Vers une autonomie contrôlée
Le nouveau statut consacre une fois pour toutes l’autonomie et l’indépendance de la Banque centrale du gouvernement et des politiques de manière générale (ce qui veut dire plus exactement indépendance de la politique monétaire -qui relève de BAM- de la politique budgétaire arrêtée par le gouvernement).
Il sera désormais formellement interdit à la Banque centrale de solliciter ou d’accepter toute instruction émanant du gouvernement ou de toute autre personne.
Cela dit, le texte introduit le principe de «concertation régulière entre le ministre des Finances et le wali de Bank Al-Maghrib» en vue d’assurer la cohérence de la politique macro-prudentielle.

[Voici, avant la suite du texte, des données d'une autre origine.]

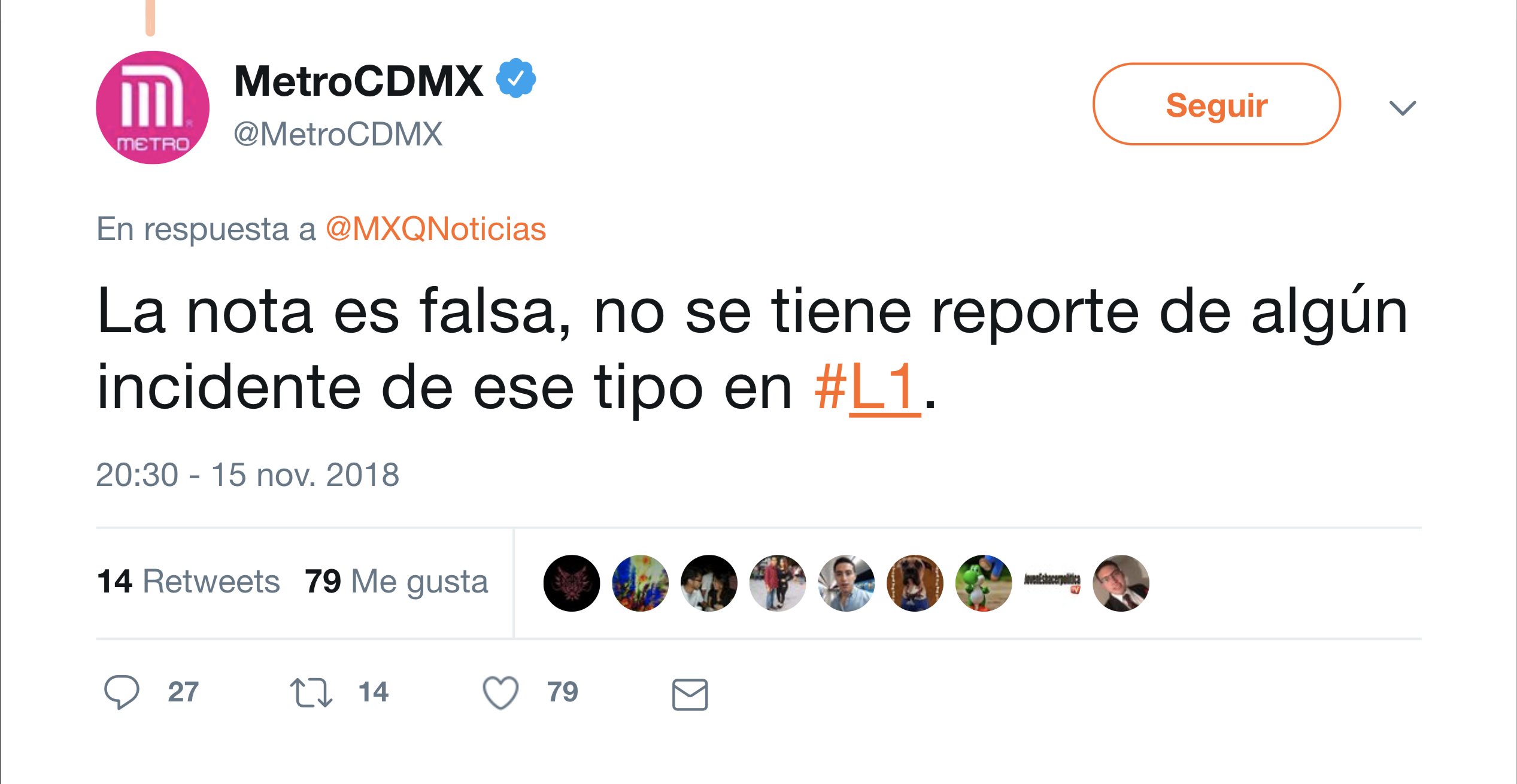 “La nota es falsa, no se tiene reporte de algún incidente de ese tipo en la Línea 1”, señaló el sistema de transporte público a través de su cuenta de Twitter.
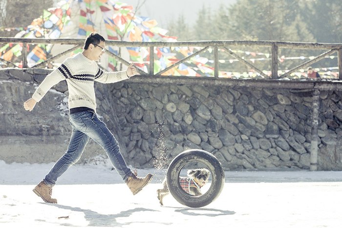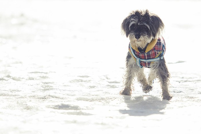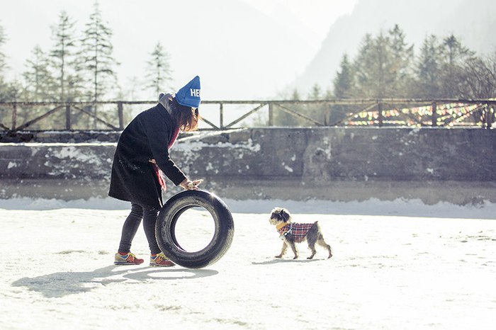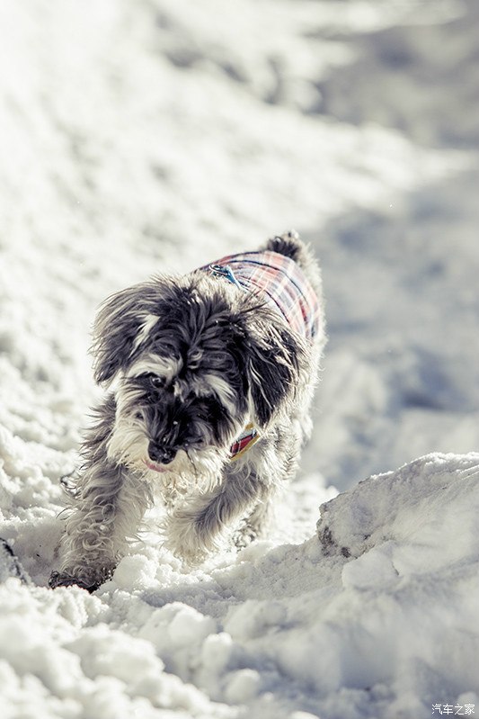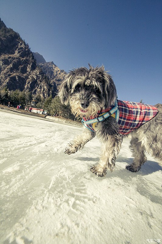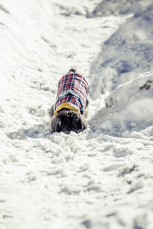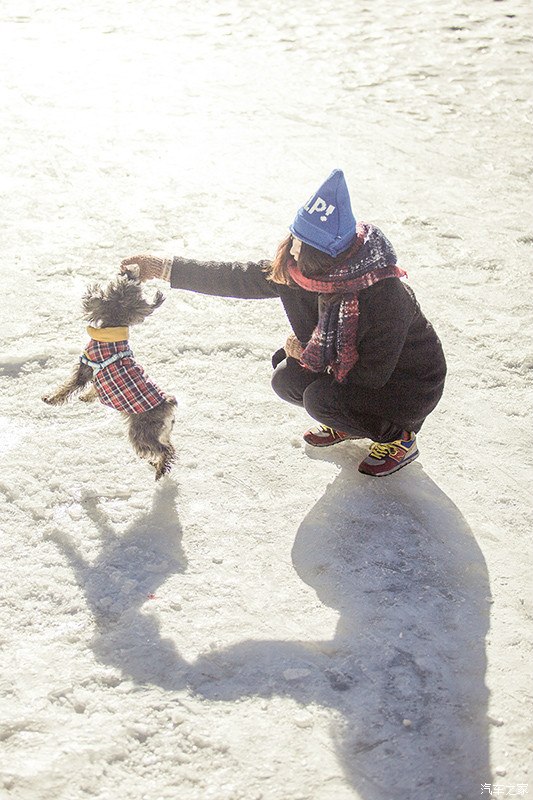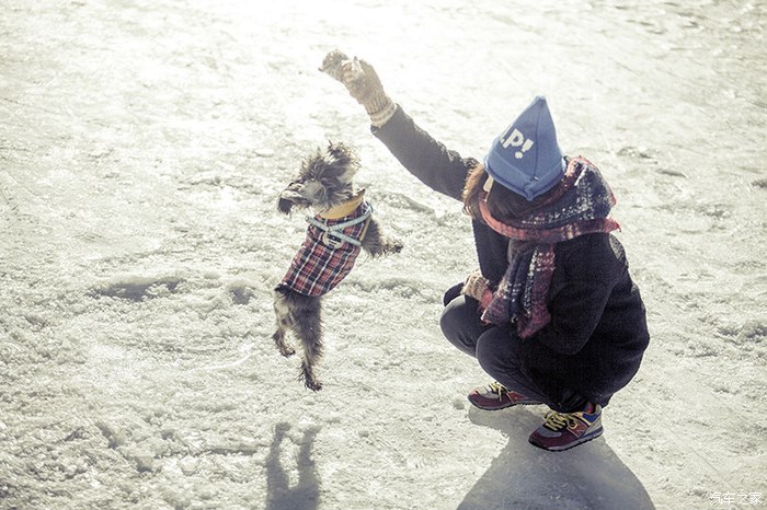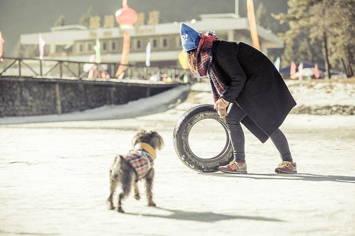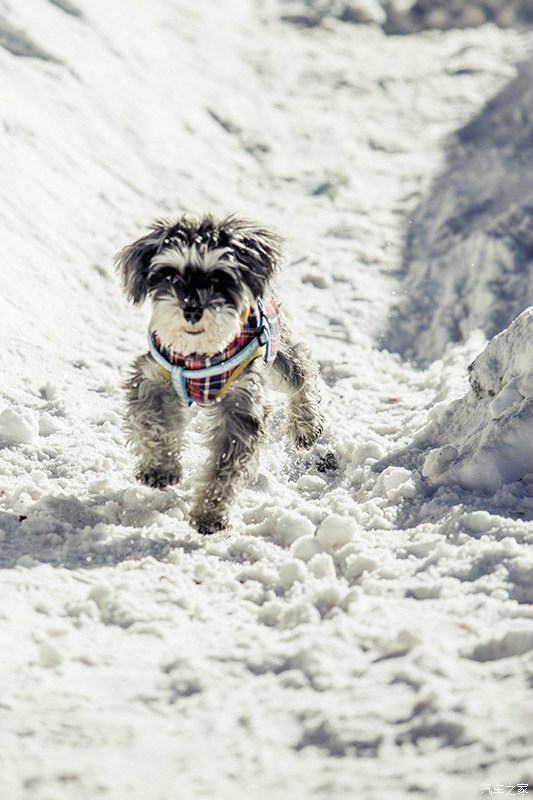 看来雪纳瑞的名字里有雪,所以天生就不怕雪,看到雪就兴奋得不得了,在这个冰面上耍轮胎,只有那么嗨了。

Cette question d’indépendance a d’ailleurs suscité un vif débat au Parlement au point de diviser à un moment donné les partis de la majorité. Pour le ministre des Finances, l’objectif derrière cette autonomie consiste à préserver l’institution des conflits d’intérêts. Il ne s’agit donc pas d’une indépendance totale, preuve en est cette nouvelle mesure soumettant la distribution des bénéfices de BAM à l’accord du ministre des Finances. Mieux encore, et c’est une première, la Banque centrale sera désormais placée sous le contrôle des magistrats de la Cour des comptes.